Exercise data:
──────────────────────────────

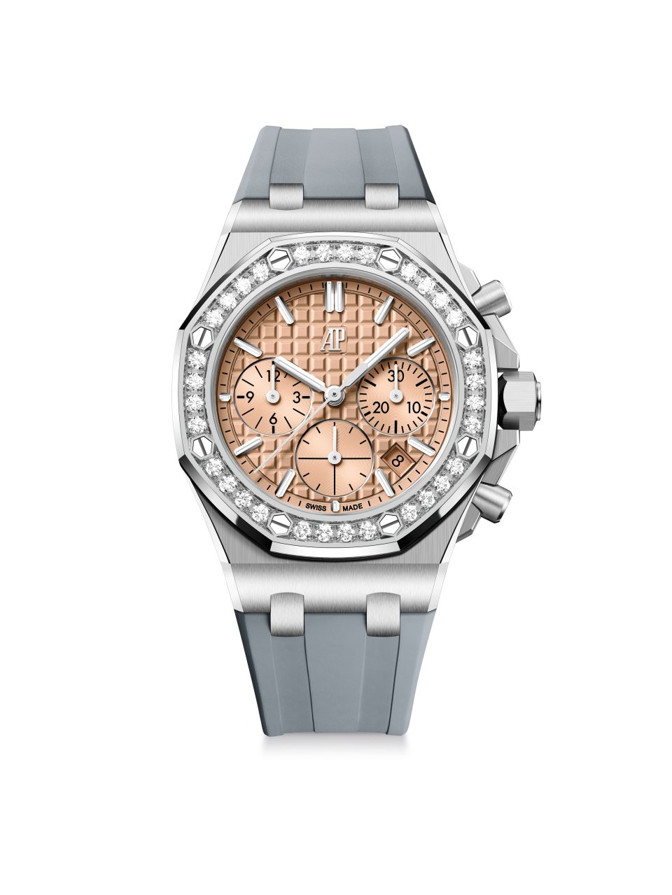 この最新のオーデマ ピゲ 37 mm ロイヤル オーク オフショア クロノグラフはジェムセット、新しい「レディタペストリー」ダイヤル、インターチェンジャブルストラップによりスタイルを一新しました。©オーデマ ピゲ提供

──────────────────────────────

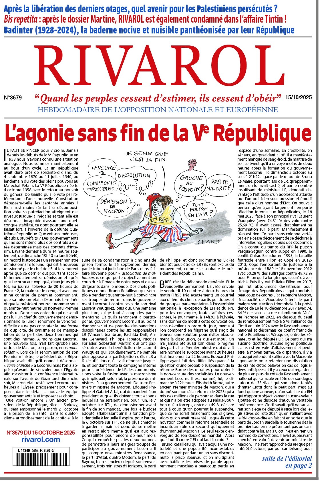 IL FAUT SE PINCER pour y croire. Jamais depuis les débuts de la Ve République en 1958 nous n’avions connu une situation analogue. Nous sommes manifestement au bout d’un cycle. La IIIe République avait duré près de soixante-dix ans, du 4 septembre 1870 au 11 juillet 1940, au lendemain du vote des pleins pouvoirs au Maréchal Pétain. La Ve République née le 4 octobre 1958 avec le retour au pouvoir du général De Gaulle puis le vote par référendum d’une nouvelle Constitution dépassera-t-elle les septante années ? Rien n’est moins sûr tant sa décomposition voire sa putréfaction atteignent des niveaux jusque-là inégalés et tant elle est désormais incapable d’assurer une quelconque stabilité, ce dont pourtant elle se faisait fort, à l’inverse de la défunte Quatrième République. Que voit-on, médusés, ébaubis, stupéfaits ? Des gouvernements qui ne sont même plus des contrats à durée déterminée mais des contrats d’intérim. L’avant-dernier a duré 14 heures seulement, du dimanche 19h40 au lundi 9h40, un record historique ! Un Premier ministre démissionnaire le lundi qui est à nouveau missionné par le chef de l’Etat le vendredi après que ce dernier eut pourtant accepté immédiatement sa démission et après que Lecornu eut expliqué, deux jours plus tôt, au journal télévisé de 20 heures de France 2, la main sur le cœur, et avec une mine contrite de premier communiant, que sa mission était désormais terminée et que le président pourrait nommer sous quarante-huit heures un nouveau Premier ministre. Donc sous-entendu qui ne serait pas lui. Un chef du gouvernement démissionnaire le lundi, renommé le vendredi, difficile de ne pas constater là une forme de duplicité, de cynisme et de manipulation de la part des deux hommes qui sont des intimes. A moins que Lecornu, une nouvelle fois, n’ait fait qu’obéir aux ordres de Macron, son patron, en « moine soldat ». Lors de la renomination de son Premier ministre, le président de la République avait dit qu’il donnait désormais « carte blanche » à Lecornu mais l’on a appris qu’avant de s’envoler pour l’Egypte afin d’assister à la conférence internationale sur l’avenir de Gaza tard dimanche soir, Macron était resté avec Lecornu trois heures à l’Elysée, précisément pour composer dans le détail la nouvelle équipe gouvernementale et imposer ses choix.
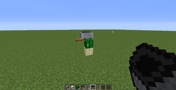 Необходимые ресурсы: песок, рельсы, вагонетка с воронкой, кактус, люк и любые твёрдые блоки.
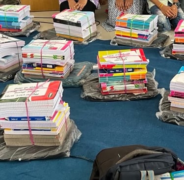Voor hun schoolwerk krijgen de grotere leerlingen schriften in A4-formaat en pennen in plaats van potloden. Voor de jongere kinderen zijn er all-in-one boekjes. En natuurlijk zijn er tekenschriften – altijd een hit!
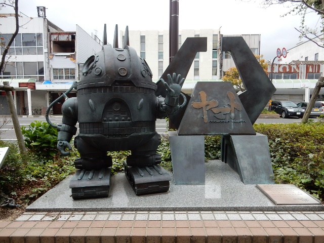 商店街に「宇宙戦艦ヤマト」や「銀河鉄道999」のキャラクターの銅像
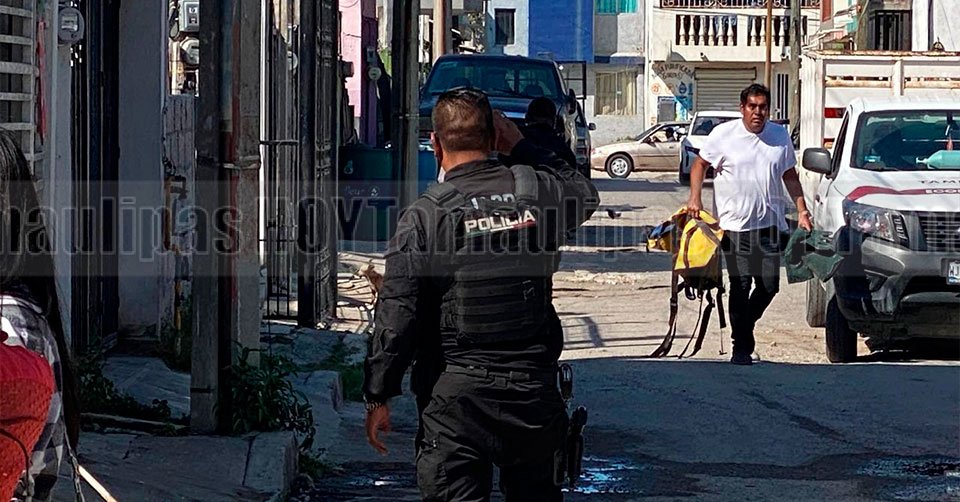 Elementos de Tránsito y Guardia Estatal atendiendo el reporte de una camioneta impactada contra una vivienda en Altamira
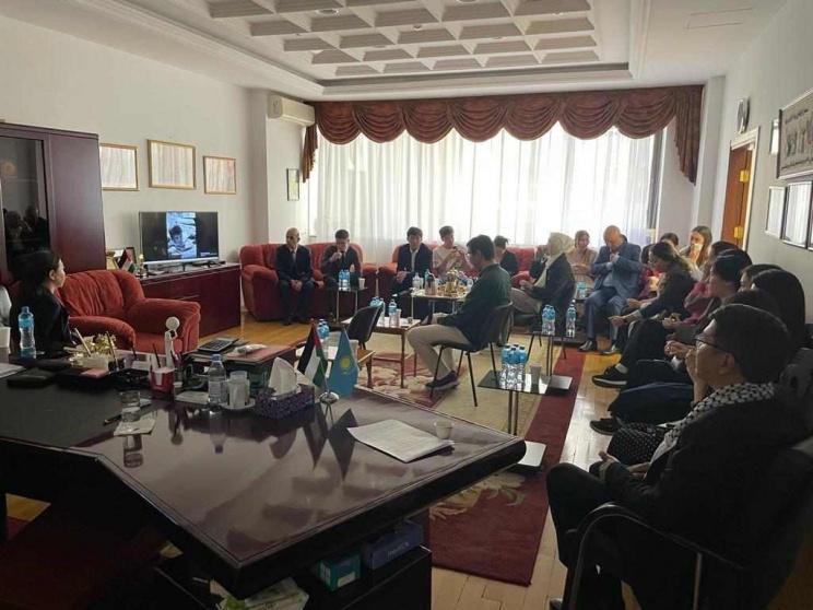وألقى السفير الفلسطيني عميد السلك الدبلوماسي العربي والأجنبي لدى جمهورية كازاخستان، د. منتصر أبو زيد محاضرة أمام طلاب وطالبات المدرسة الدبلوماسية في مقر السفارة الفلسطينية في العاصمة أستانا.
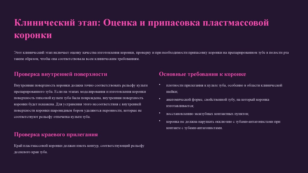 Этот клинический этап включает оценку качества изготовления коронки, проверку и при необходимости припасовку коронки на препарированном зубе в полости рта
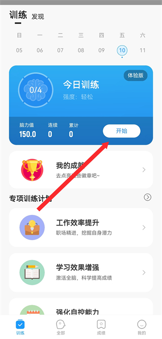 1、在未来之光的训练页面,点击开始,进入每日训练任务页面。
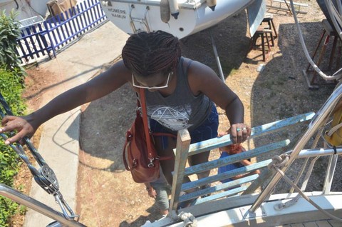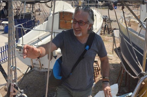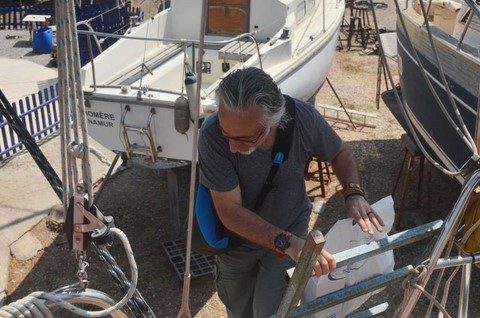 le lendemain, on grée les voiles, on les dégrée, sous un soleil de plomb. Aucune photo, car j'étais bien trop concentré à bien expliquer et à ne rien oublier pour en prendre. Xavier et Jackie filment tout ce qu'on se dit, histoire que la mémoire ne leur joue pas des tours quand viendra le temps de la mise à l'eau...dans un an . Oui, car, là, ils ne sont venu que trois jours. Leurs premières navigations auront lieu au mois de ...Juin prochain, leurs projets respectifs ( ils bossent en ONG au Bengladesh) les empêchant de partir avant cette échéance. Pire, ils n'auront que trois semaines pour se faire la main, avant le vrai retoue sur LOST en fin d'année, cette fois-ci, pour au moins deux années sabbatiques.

──────────────────────────────

Task objective: All lines above starting at the one with "Этот клинический этап" and ending at the one with "le lendemain, on", inclusive, are to be printed again exactly, with the pictures left out.

Reply:
 Этот клинический этап включает оценку качества изготовления коронки, проверку и при необходимости припасовку коронки на препарированном зубе в полости рта
 1、在未来之光的训练页面,点击开始,进入每日训练任务页面。
 le lendemain, on grée les voiles, on les dégrée, sous un soleil de plomb. Aucune photo, car j'étais bien trop concentré à bien expliquer et à ne rien oublier pour en prendre. Xavier et Jackie filment tout ce qu'on se dit, histoire que la mémoire ne leur joue pas des tours quand viendra le temps de la mise à l'eau...dans un an . Oui, car, là, ils ne sont venu que trois jours. Leurs premières navigations auront lieu au mois de ...Juin prochain, leurs projets respectifs ( ils bossent en ONG au Bengladesh) les empêchant de partir avant cette échéance. Pire, ils n'auront que trois semaines pour se faire la main, avant le vrai retoue sur LOST en fin d'année, cette fois-ci, pour au moins deux années sabbatiques.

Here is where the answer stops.